**Data provided:**
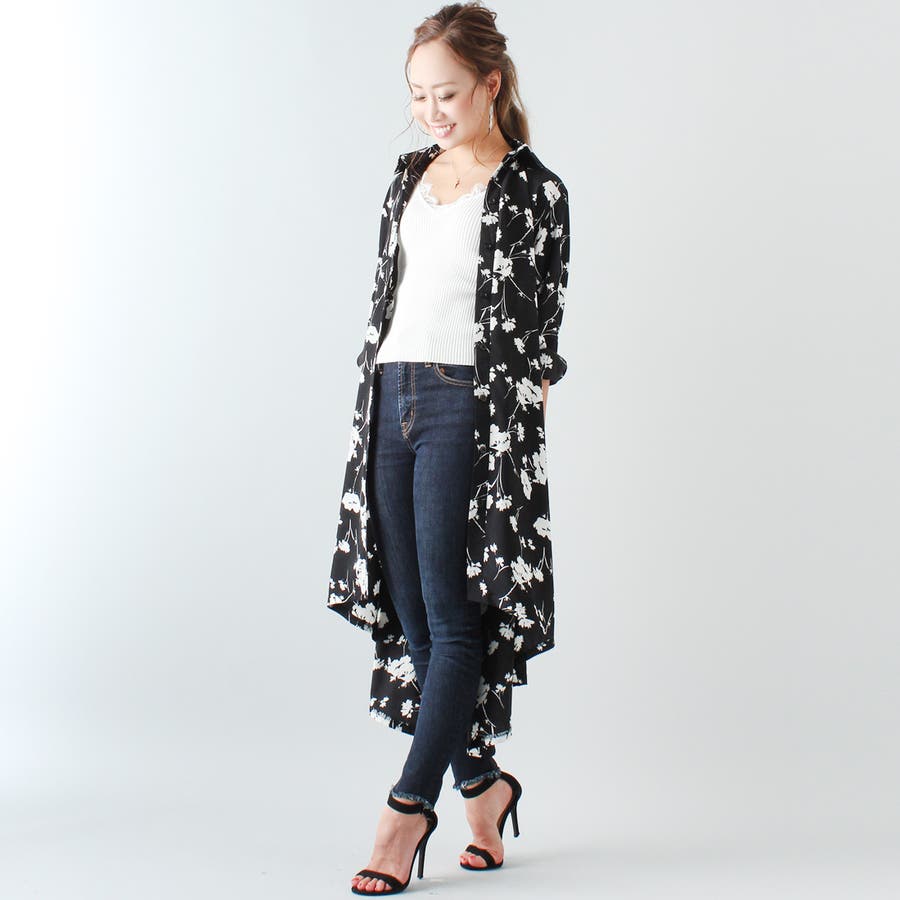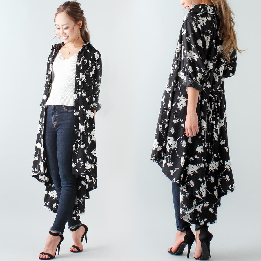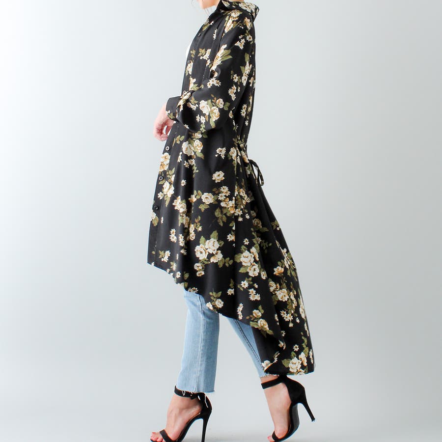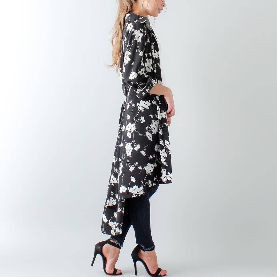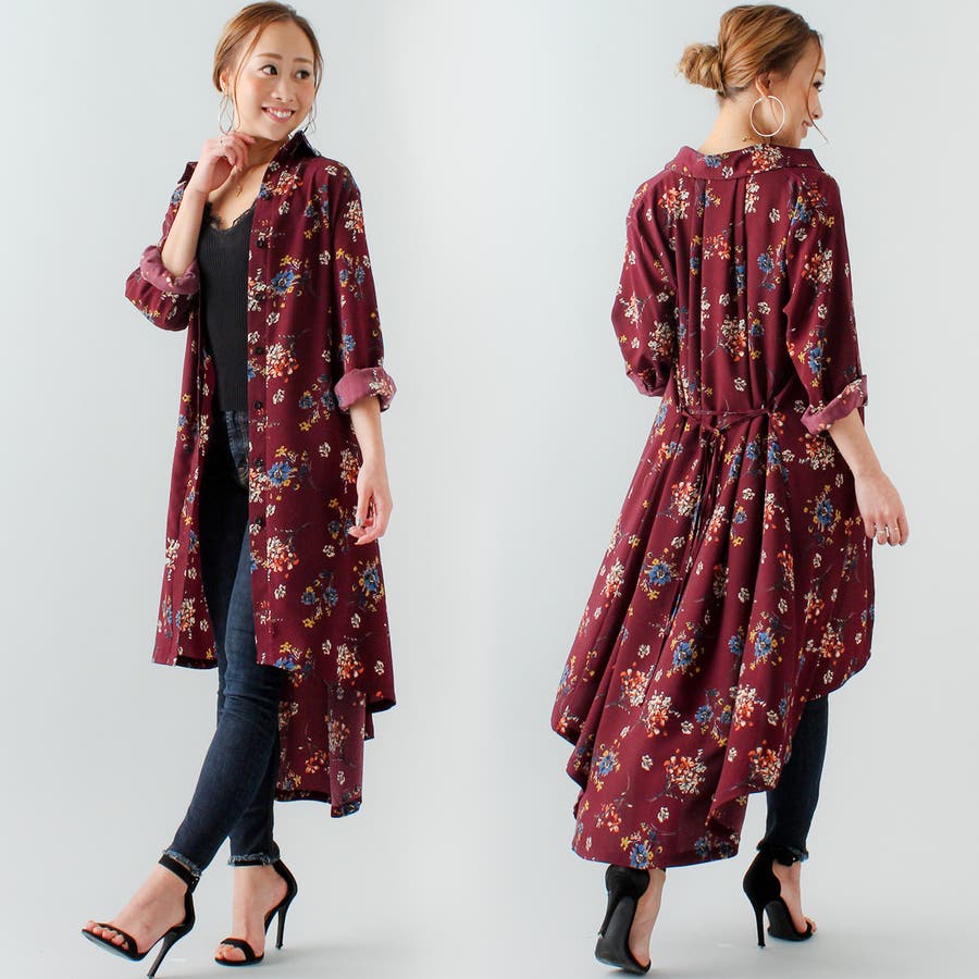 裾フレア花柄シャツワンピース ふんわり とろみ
* * *
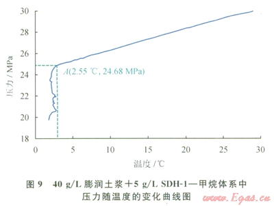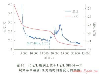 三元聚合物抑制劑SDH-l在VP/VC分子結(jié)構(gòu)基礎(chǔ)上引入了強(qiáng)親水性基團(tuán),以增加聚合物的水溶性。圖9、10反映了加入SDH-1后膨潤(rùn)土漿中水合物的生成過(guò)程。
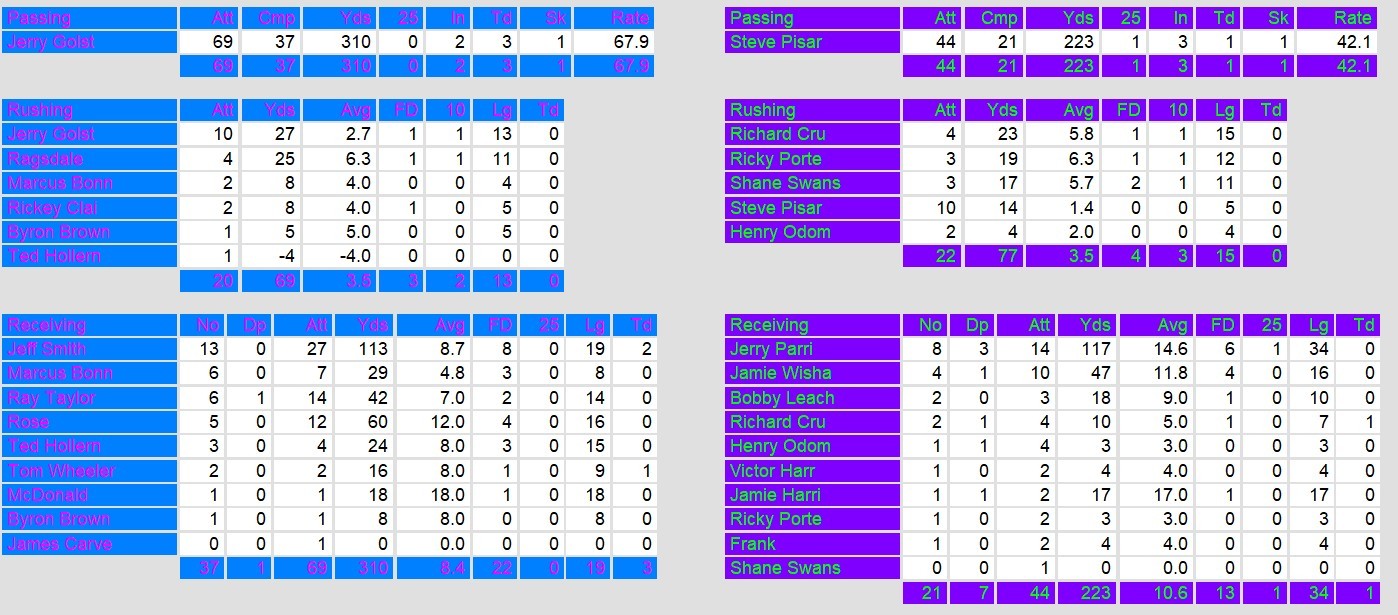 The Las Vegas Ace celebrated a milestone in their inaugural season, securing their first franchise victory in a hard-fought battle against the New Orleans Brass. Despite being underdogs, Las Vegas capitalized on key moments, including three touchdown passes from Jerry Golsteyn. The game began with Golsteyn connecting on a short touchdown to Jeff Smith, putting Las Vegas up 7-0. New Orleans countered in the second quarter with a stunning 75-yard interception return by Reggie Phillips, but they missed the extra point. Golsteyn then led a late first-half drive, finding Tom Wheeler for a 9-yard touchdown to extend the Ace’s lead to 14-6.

**Description of the task:**
Reproduce the entries exactly, from the line with "三元聚合物抑制劑SDH-l在" to the line with "The Las Vegas", both lines included, keeping no pictures.

**Answer to the exercise:**
 三元聚合物抑制劑SDH-l在VP/VC分子結(jié)構(gòu)基礎(chǔ)上引入了強(qiáng)親水性基團(tuán),以增加聚合物的水溶性。圖9、10反映了加入SDH-1后膨潤(rùn)土漿中水合物的生成過(guò)程。
 The Las Vegas Ace celebrated a milestone in their inaugural season, securing their first franchise victory in a hard-fought battle against the New Orleans Brass. Despite being underdogs, Las Vegas capitalized on key moments, including three touchdown passes from Jerry Golsteyn. The game began with Golsteyn connecting on a short touchdown to Jeff Smith, putting Las Vegas up 7-0. New Orleans countered in the second quarter with a stunning 75-yard interception return by Reggie Phillips, but they missed the extra point. Golsteyn then led a late first-half drive, finding Tom Wheeler for a 9-yard touchdown to extend the Ace’s lead to 14-6.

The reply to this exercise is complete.